_Given records_:
==================================================
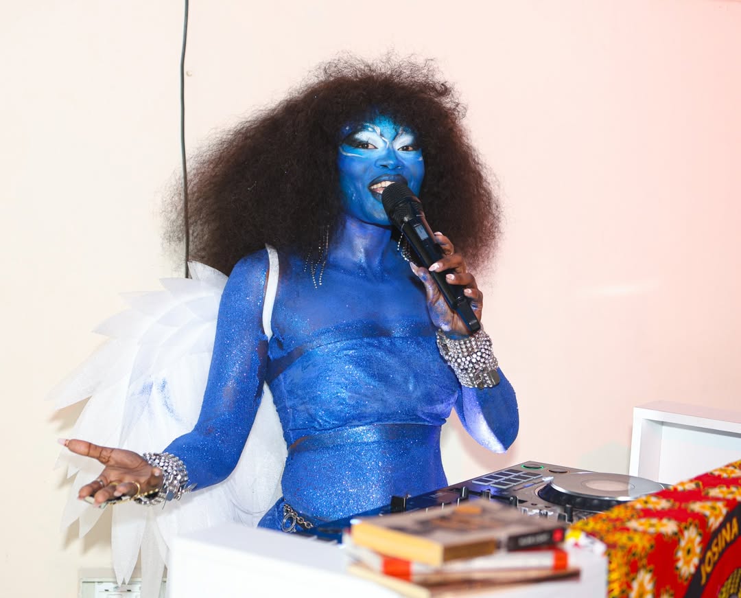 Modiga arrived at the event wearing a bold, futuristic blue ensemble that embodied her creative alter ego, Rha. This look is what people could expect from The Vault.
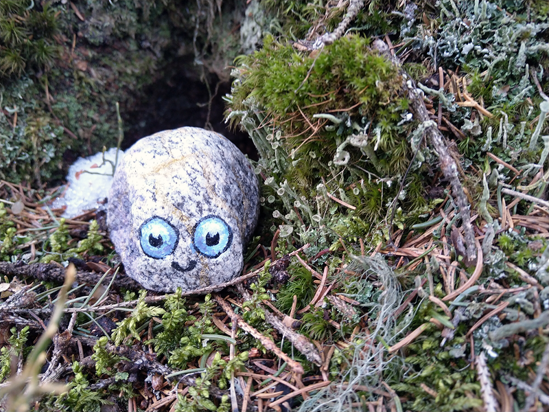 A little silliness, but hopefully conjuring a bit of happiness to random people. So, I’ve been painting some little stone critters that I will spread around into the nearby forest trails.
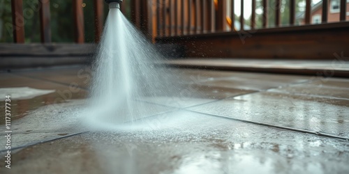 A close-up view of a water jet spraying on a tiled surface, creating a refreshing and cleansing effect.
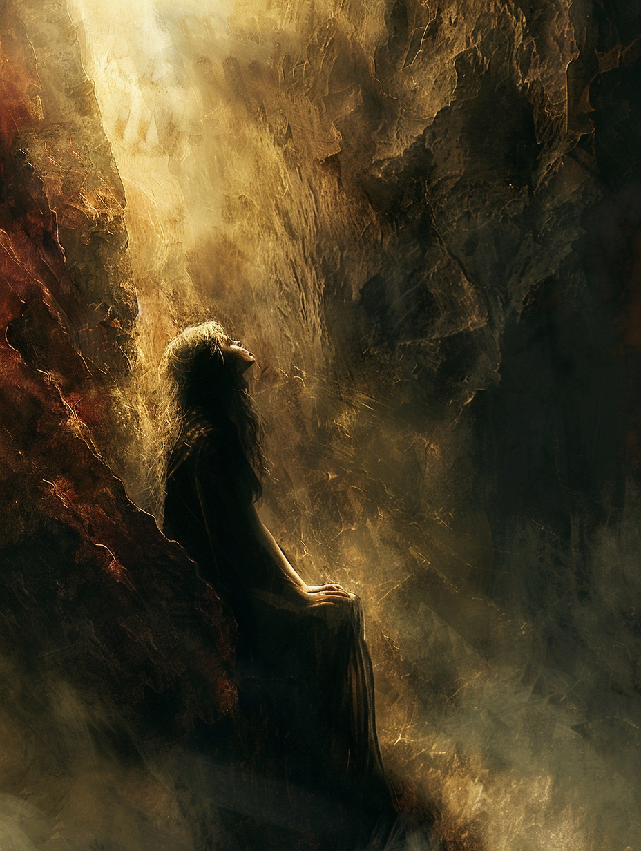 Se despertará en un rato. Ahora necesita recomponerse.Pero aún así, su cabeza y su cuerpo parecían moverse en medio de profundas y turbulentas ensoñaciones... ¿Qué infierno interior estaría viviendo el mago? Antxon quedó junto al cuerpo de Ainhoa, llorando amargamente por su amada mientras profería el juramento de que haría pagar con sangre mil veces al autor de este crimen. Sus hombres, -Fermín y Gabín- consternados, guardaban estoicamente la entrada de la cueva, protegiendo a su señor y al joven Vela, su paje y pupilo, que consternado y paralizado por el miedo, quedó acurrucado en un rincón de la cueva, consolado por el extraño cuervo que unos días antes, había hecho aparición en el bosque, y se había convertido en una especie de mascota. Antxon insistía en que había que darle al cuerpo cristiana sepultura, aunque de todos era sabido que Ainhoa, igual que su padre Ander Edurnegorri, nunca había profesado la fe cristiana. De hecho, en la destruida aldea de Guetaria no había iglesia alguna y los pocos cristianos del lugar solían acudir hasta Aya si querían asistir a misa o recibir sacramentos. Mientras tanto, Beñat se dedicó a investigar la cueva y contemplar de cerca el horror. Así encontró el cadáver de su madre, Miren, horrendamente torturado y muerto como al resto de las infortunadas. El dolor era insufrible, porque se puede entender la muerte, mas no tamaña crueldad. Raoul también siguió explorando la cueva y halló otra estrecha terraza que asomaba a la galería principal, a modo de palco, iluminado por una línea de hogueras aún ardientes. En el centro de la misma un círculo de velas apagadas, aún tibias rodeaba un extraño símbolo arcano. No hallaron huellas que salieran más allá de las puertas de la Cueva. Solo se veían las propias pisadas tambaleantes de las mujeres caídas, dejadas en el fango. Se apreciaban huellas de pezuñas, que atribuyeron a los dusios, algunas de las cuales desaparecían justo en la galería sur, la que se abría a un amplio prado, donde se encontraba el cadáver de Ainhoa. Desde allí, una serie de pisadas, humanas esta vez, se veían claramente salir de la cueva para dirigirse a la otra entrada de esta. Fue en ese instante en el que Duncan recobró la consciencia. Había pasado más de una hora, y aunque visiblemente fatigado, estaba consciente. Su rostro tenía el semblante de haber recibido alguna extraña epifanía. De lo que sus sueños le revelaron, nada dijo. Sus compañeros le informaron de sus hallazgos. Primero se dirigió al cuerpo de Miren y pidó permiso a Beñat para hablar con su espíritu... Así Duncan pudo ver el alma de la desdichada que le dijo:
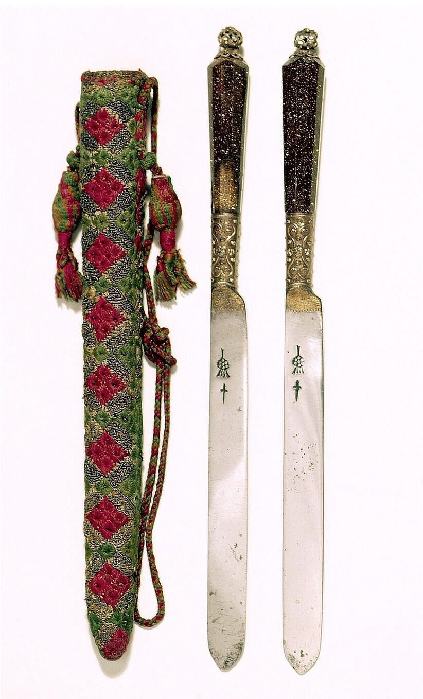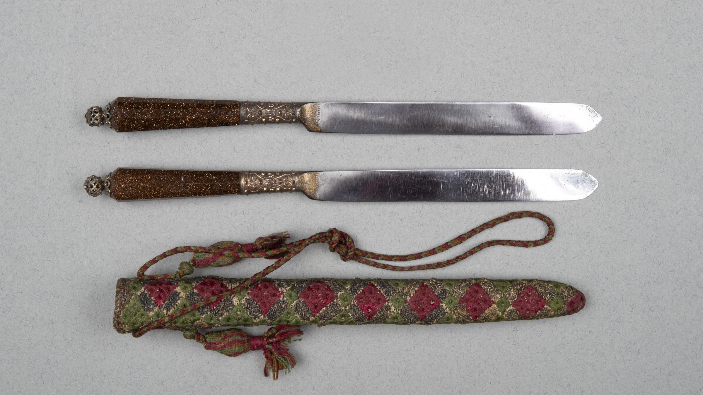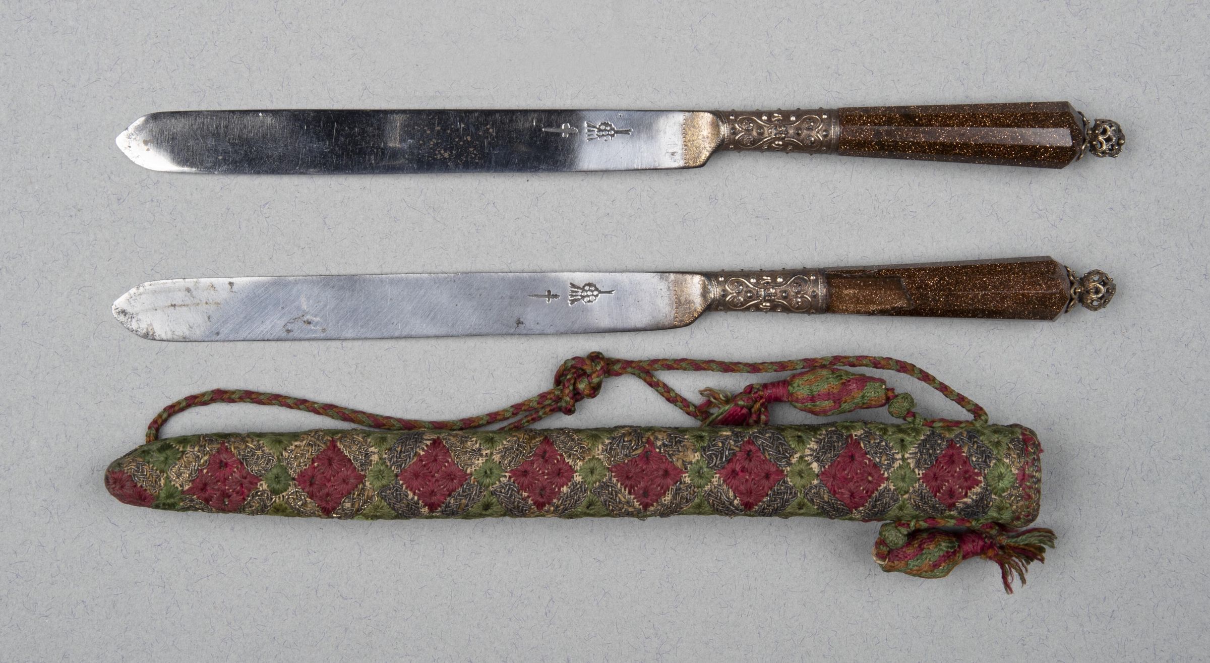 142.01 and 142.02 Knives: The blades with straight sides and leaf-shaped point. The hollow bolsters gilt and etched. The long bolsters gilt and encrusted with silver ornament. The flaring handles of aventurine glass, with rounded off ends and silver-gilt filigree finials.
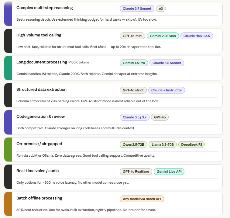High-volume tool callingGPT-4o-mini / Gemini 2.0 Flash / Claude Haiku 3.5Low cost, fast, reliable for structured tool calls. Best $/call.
==================================================
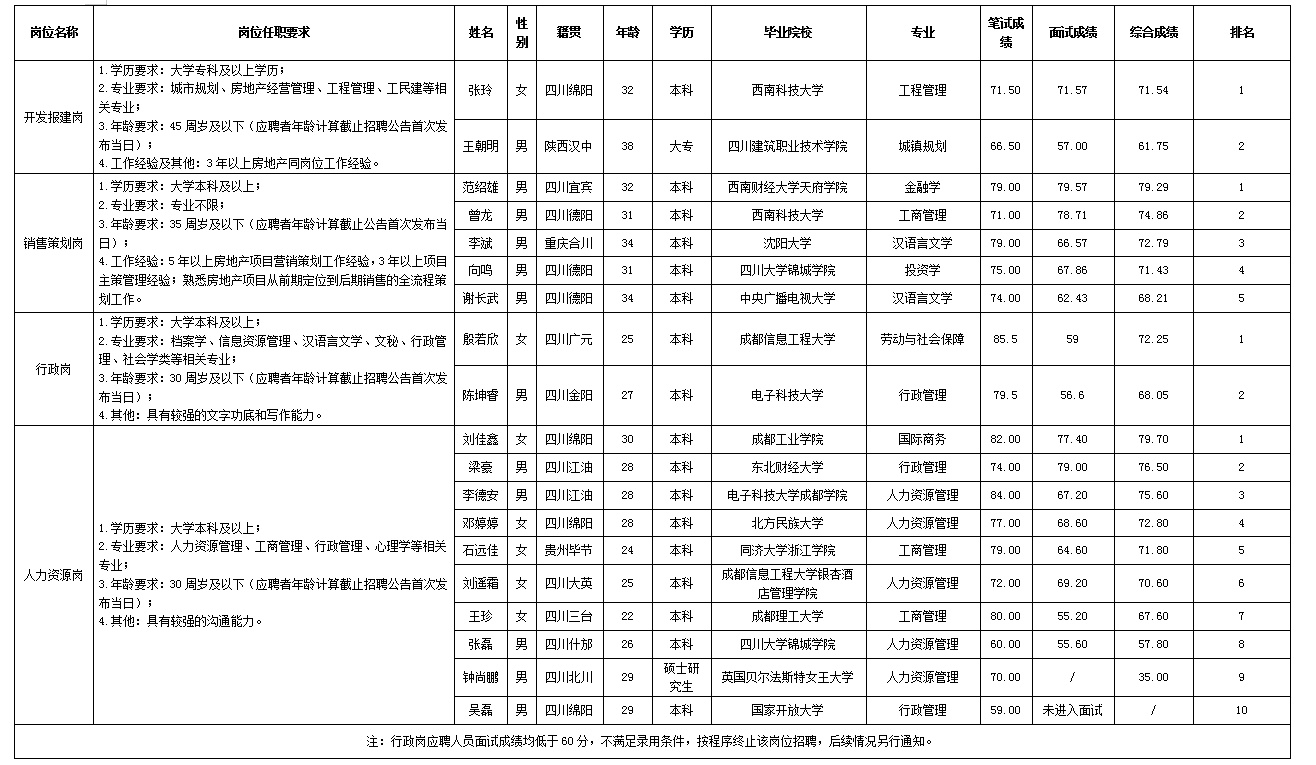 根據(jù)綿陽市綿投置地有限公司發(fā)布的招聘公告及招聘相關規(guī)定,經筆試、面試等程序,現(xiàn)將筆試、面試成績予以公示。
==================================================
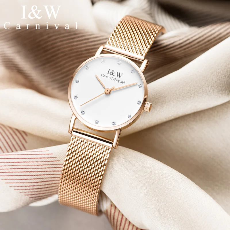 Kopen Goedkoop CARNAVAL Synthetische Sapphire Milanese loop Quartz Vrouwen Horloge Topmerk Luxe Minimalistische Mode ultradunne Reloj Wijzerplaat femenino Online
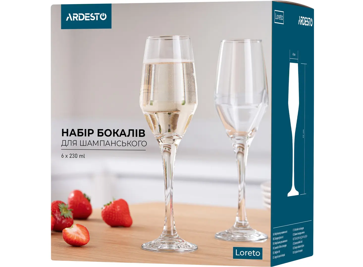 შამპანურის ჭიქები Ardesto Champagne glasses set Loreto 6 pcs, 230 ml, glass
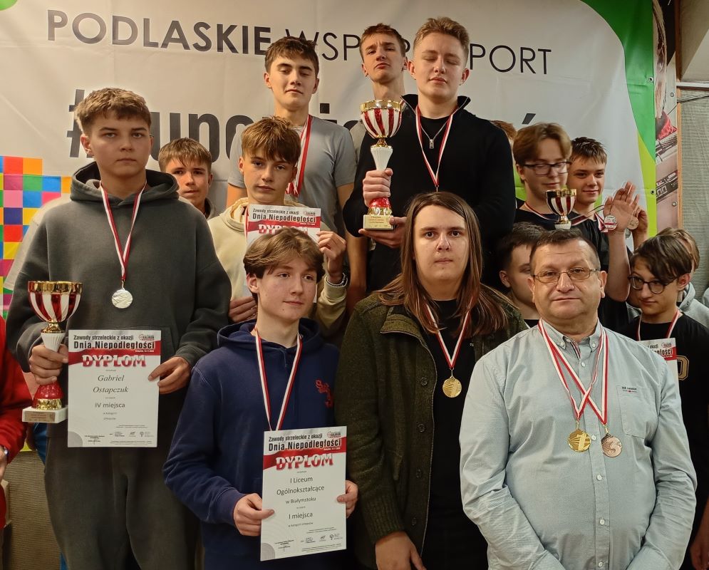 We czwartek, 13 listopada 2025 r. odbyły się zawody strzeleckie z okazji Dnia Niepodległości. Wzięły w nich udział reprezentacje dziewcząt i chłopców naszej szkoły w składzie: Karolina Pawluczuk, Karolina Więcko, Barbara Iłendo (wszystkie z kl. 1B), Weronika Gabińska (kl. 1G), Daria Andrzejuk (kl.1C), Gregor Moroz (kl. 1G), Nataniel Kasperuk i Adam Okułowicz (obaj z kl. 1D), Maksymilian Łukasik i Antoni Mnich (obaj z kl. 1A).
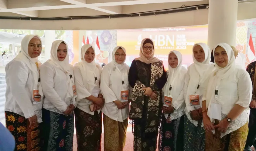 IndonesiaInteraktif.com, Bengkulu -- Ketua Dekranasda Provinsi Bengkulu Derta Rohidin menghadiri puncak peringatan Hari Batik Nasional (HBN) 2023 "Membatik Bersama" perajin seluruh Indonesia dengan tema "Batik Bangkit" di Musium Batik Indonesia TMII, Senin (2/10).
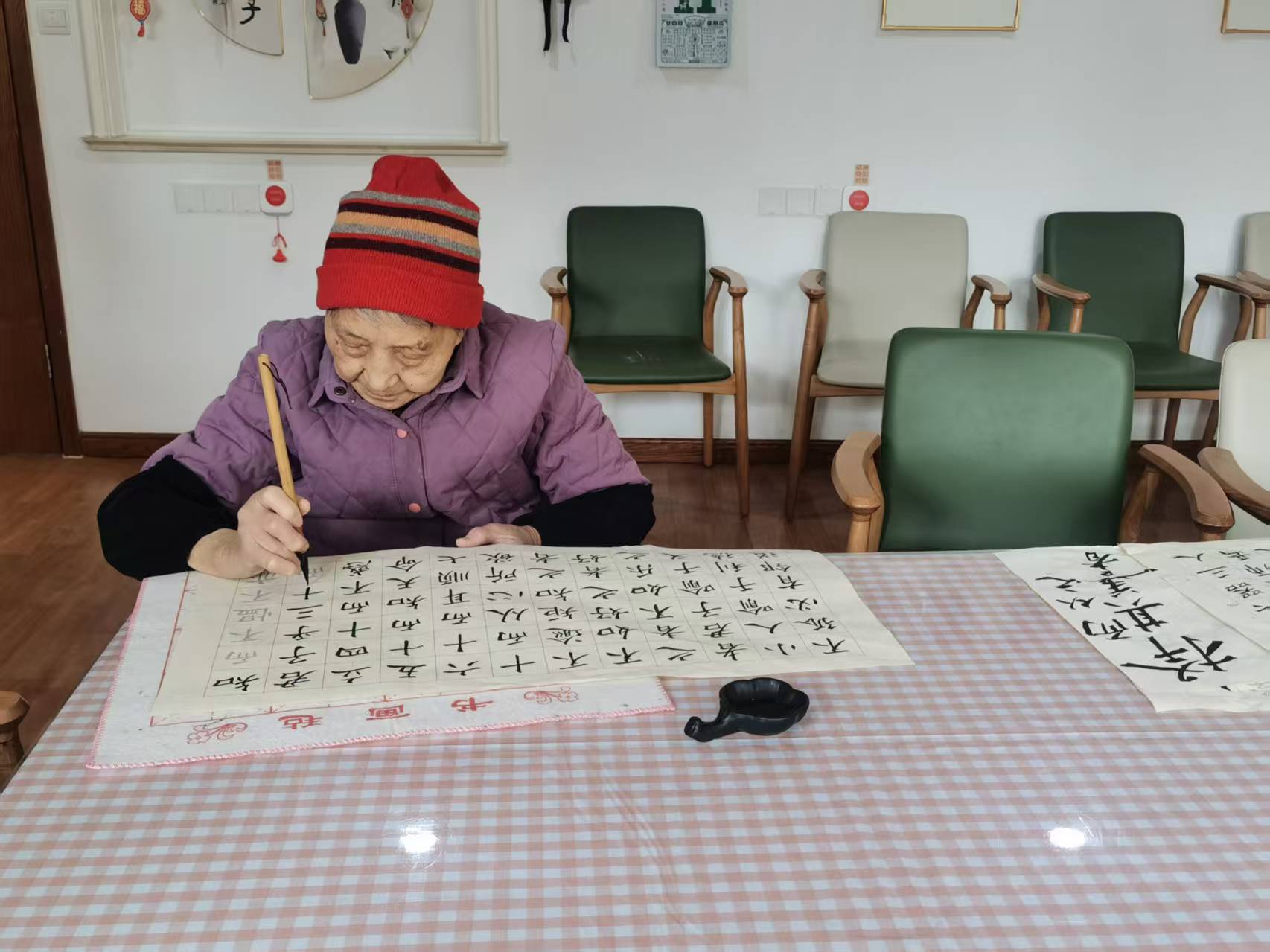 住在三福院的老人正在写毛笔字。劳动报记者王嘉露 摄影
==================================================
_Goal of the exercise_: Reproduce the data above exactly, but only from the line containing "Modiga arrived at" through the line containing "A close-up view"; skip the pictures.

_Expected output_:
 Modiga arrived at the event wearing a bold, futuristic blue ensemble that embodied her creative alter ego, Rha. This look is what people could expect from The Vault.
 A little silliness, but hopefully conjuring a bit of happiness to random people. So, I’ve been painting some little stone critters that I will spread around into the nearby forest trails.
 A close-up view of a water jet spraying on a tiled surface, creating a refreshing and cleansing effect.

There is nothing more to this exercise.